Hira, Kur’an’ın ilk ayetlerinin indiği dağın adı. Aslında bu ismin içinde ne büyük bir anlam, ne derin bir hikmet var. Ama o kutsiyetin, o hikmetin izini ne yazık ki İslami isimler verdiğimiz çocuklarımızda göremiyoruz artık. Bugün iki genç kız, adı “Hira” olan iki can, acı bir olayla gündeme geldi. Hiranur; "Işığın nuru" anlamına geliyor. Ne acıdır ki, o nur, karanlık bir sistemin içinde sönüp gitti. Henüz 14 yaşındaydı. Yanındaki arkadaşı ise hâlâ yaşam mücadelesi veriyor. Olayın sebebi daha önceden pek çok defa karşılaştığımız gibi meçhul; içki deniliyor ama ortada şişe yok, koku yok, netlik yok. Bir belirsizliğin, bir yozlaşmanın ortasında kaybolan iki masum gencin başına neler geldiği bilinmiyor.
Çocuklara verilen bu tür isimler yüce manalar taşırken, o mananın gereği olan terbiyeyi, imanı, ahlakı maalesef onlara veremiyoruz. Çünkü yaşadığımız sistem, çocukları değil; nefisleri, hazzı ve şiddeti büyütüyor. Akran zorbalığı, küçücük yaşlarda başlayan kibir ve öfke nöbetleri, ekranlardan taşan sahte hayatlar, sevgi yerine nefret aşılayan diziler… Bütün bunların hepsi kapitalist sistemin birer terbiyesizlik ürünü.
Kapitalist eğitim sistemi; ahlaktan kopuk, aileler ise bu sistemin girdabında yorgun ve çaresiz. Bugün gençlerimiz birbirine şiddetle değil, merhametle yaklaşmayı unuttuysa; bu sadece onların suçu değil, onları yetiştiremeyen bir toplumun, İslamsız bir düzenin suçudur.

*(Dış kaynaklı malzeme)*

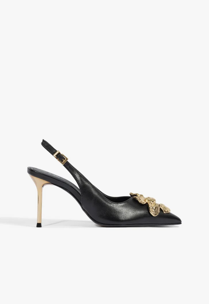 Delicado e sofisticado, este scarpin slingback preto combina a elegante construção em couro com o luxuoso enfeite metalizado - uma flor dourada que valoriza o design com bico fino. Por sua vez, o salto alto fino metalizado garante um toque moderno e refinado ao look. Com fechamento por fivela ajustável, é a escolha ideal para compor looks femininos com personalidade e elegância!
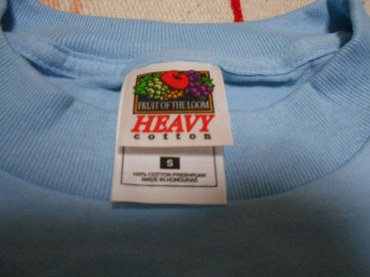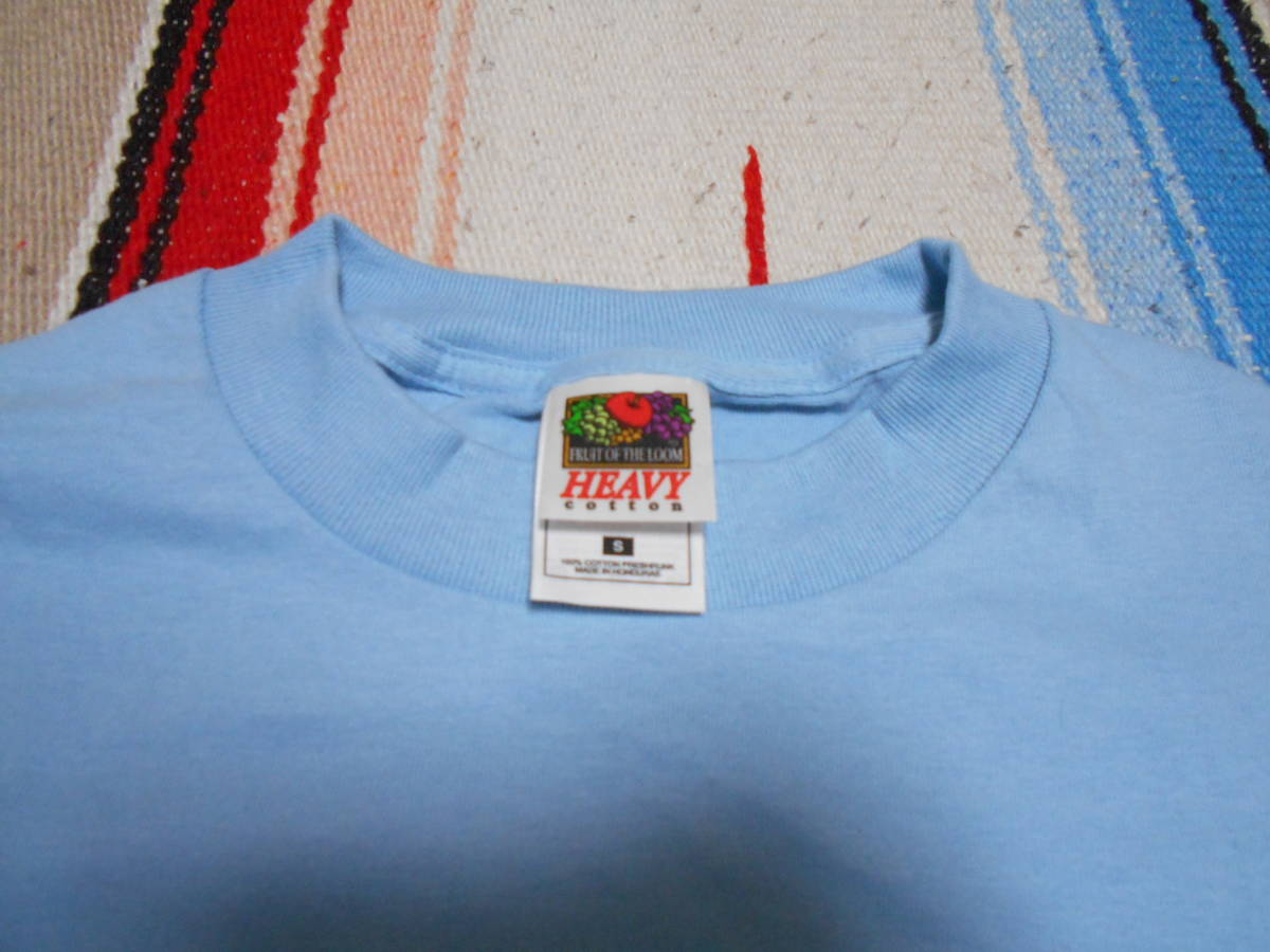 ビンテージ オリジナル FRUIT OF THE LOOM 「HEAVY COTTON」 特有の良質なコットン100%素材感、タイト目なボディーとスリーブシルエット、派手過ぎないスカイブルーアッシュの発色   等等...ディテールまでとても良い風合

Hepimizin büyük derdi olan bu problemin çözümü okullarda, sosyal medyada veya kapitalizmin yamalı bohçaya dönmüş fasit düzeninde değildir. Çözüm, insanı ve toplumu yeniden Rabbine bağlayan bir nizamdadır. Adaletin, terbiyenin, merhametin temeli olan Hilafet Devleti yeniden kurulduğunda, ancak o zaman Hira adı gerçek manasıyla yeniden buluşur. İşte o zaman çocuklarımız sadece “güzel isimler” taşımaz isimlerin şerefine yakışır bir hayat da yaşar.